Case Presentation: An 86-year-old female with hypertension, hyperlipidemia, and pre-existing left eye vision loss presented to an outside hospital after a fall with acute painless right eye vision loss. High dose IV methylprednisone was initiated at the OSH on day 2 due to concerns for giant cell arteritis (GCA) given acute vision loss and optic disc edema. Temporal artery biopsy on day 4 was found to be negative, prompting consideration of alternative etiologies. An MRI demonstrated bilateral optic neuritis with left lacrimal gland enlargement, raising concern for atypical ON. She was then transferred to our hospital on day 6 for more extensive laboratory evaluation. Autoimmune, infectious, and demyelinating panels were all found to be negative.Between days 8–12, the patient’s visual acuity improved with continued IV steroids, supporting an inflammatory process. However, on day 16, repeat MRI revealed a new left temporal lobe infarct, prompting neurology consultation and escalation of therapy to plasma exchange.During therapy, she developed a painless vesicular eruption on her lower back. Given her age and immunosuppression, there was initial concern for disseminated VZV, but NAAT testing confirmed HSV-2. She was treated with IV acyclovir with resolution of her symptoms. She then completed five sessions of plasma exchange and continued a prolonged prednisone taper. At discharge, vision in her right eye remained improved.

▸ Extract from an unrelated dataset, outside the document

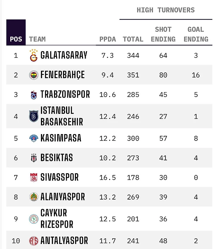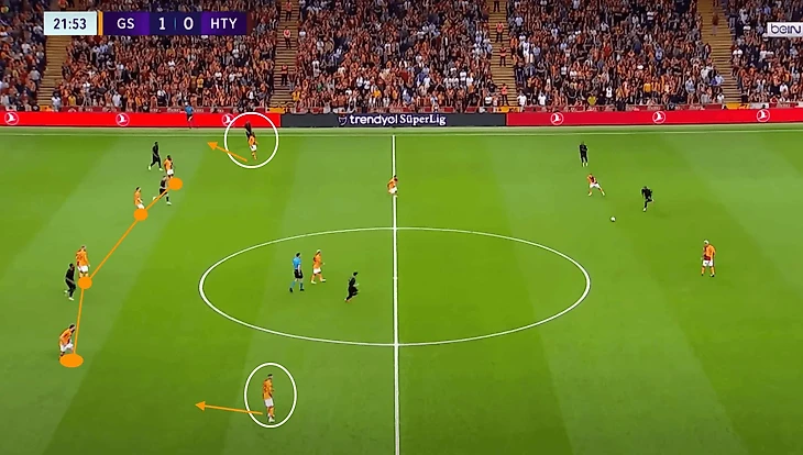 Переход на 4-4-2 без мяча с выдвижением ЦАПа в пару к нападающему позволял «Галатасараю» использовать своих вингеров для прессинга фланговых защитников соперника, чем клуб активно и успешно пользовался, особенно в Супер Лиге. Например, по показателю PPDA (6,46) «Галатасарай» в прошлом сезоне стал лидером среди турецких клубов, равно как и по метрике BDP (Buildup Disruption Percentage), составившей 11,3% и отражающей эффективность прессинга в разрезе влияния на долю точных передач соперника.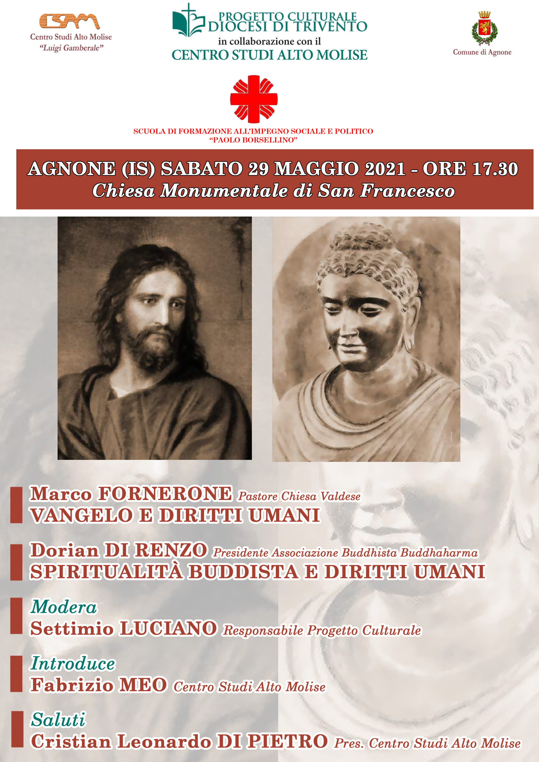 L’appuntamento è nella chiesa monumentale di San Francesco per sabato 29 maggio (ore 17,30). L’evento è organizzato in collaborazione con la diocesi di Trivento e la scuola di formazione politica ‘Paolo Borsellino’. All’incontro aperto al pubblico, interverrà Marco Fornerone, pastore della Chiesa Valdese che parlerà di ‘Vangelo e diritti umani’. A seguire Dorian Di Renzo, presidente dell’Associazione buddhista Buddhadharma che interverrà sul tema dal titolo: “Spriritualità buddista e diritti umani”.

Discussion: In this case, extensive evaluation of vascular, infectious, autoimmune, malignant, and demyelinating etiologies was unrevealing. The absence of a clear underlying cause despite multimodal diagnostic testing suggested a truly atypical presentation. Collaboration was essential in narrowing the differential and guiding treatment, particularly given overlapping features with giant cell arteritis, neurosarcoidosis, and ischemic optic neuropathy.Although no definitive infectious trigger for the optic neuritis was identified, the patient’s HSV-2 reactivation during immunosuppressive therapy raises the possibility that viral reactivation could have contributed. While HSV-associated optic neuropathy is rare and typically occurs in younger or immunocompromised patients, its role in elderly individuals undergoing high-dose steroids warrants further study. This case underlines how atypical ON often requires high-dose corticosteroids and, in refractory or complex cases, plasma exchange. These therapies carry significant risks, including susceptibility to opportunistic infections.
Conclusions: Atypical optic neuritis (ON) in elderly patients is uncommon and presents significant diagnostic and management challenges. Because classic ON typically occurs in younger adults and incidence declines after age 50, presentations in patients over 70 require a broad differential that includes infectious, vascular, and autoimmune causes. This case illustrates the complexity of diagnosing atypical ON when extensive testing is unrevealing, and how treatment with high-dose immunosuppression can lead to complications such as viral reactivation. Overall, the rarity, heterogeneous presentation, and diagnostic uncertainty surrounding atypical ON in older adults underscore the need for further research to better understand its underlying mechanisms and optimize management strategies.